§ **Data to examine**
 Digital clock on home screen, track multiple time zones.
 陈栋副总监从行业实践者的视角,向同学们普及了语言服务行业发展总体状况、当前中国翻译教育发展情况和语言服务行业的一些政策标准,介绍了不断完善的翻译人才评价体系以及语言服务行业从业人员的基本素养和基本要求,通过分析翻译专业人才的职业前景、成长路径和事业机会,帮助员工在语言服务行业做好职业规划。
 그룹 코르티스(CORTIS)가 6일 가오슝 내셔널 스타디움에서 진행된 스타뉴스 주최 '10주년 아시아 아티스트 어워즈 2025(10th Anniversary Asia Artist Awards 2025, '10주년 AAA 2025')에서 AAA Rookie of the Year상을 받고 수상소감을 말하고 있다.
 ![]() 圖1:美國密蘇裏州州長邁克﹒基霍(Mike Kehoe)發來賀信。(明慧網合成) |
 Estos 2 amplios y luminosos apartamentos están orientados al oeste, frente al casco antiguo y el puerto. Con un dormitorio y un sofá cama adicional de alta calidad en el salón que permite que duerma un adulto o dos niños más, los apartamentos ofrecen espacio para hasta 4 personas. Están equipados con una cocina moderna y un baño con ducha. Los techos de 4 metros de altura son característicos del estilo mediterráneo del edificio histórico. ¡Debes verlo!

...

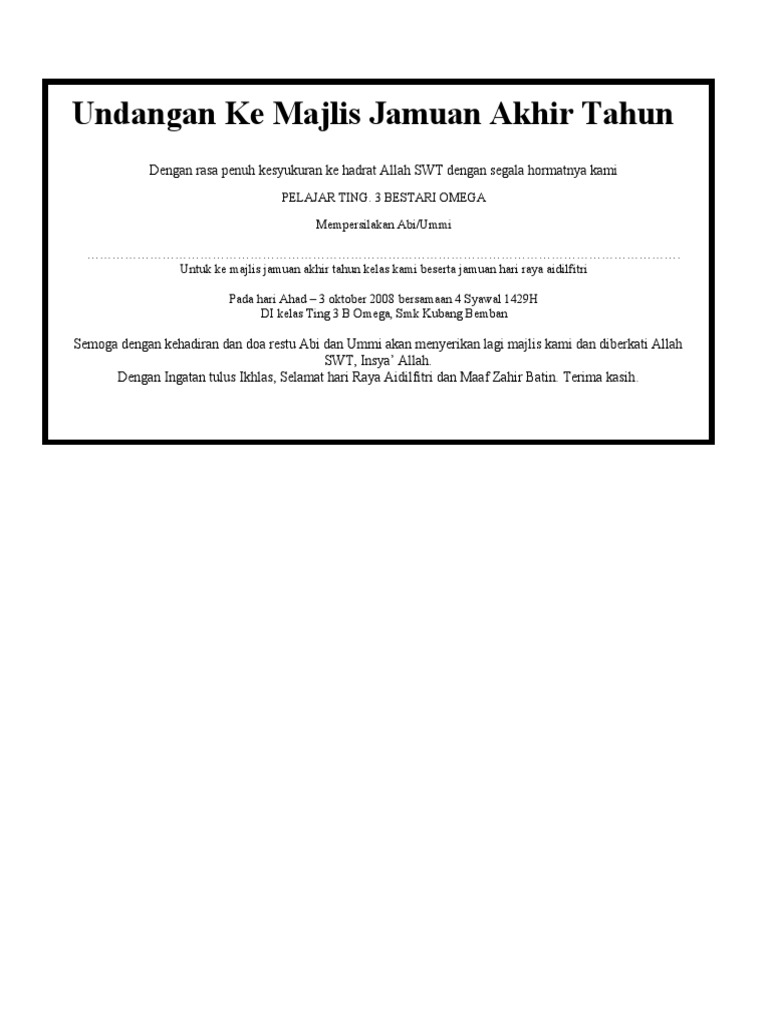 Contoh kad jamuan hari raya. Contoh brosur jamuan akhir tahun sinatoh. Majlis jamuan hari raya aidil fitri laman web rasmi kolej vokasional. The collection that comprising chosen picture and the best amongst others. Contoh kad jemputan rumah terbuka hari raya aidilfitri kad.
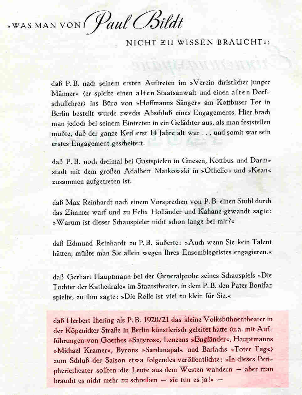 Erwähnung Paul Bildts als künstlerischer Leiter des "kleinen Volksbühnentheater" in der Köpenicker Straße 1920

==

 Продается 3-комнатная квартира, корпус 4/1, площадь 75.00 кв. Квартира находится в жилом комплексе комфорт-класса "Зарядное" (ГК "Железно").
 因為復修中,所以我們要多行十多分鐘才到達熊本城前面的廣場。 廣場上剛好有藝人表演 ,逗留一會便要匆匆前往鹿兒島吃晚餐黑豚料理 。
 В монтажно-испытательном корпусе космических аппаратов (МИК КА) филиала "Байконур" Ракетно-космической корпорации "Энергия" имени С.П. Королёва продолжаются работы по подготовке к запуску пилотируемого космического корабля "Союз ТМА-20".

§ **About this exercise**
Extract from the listing above the lines between the line containing "因為復修中,所以我們要多行十多分鐘才到達熊本城前面的廣場。 廣場上剛好有藝人表演 ,逗留一會便要匆匆前往鹿兒島吃晚餐黑豚料理" and the line containing "В монтажно-испытательном корпусе", keeping both of those lines. Output nothing else.

§ **Response box**
 因為復修中,所以我們要多行十多分鐘才到達熊本城前面的廣場。 廣場上剛好有藝人表演 ,逗留一會便要匆匆前往鹿兒島吃晚餐黑豚料理 。
 В монтажно-испытательном корпусе космических аппаратов (МИК КА) филиала "Байконур" Ракетно-космической корпорации "Энергия" имени С.П. Королёва продолжаются работы по подготовке к запуску пилотируемого космического корабля "Союз ТМА-20".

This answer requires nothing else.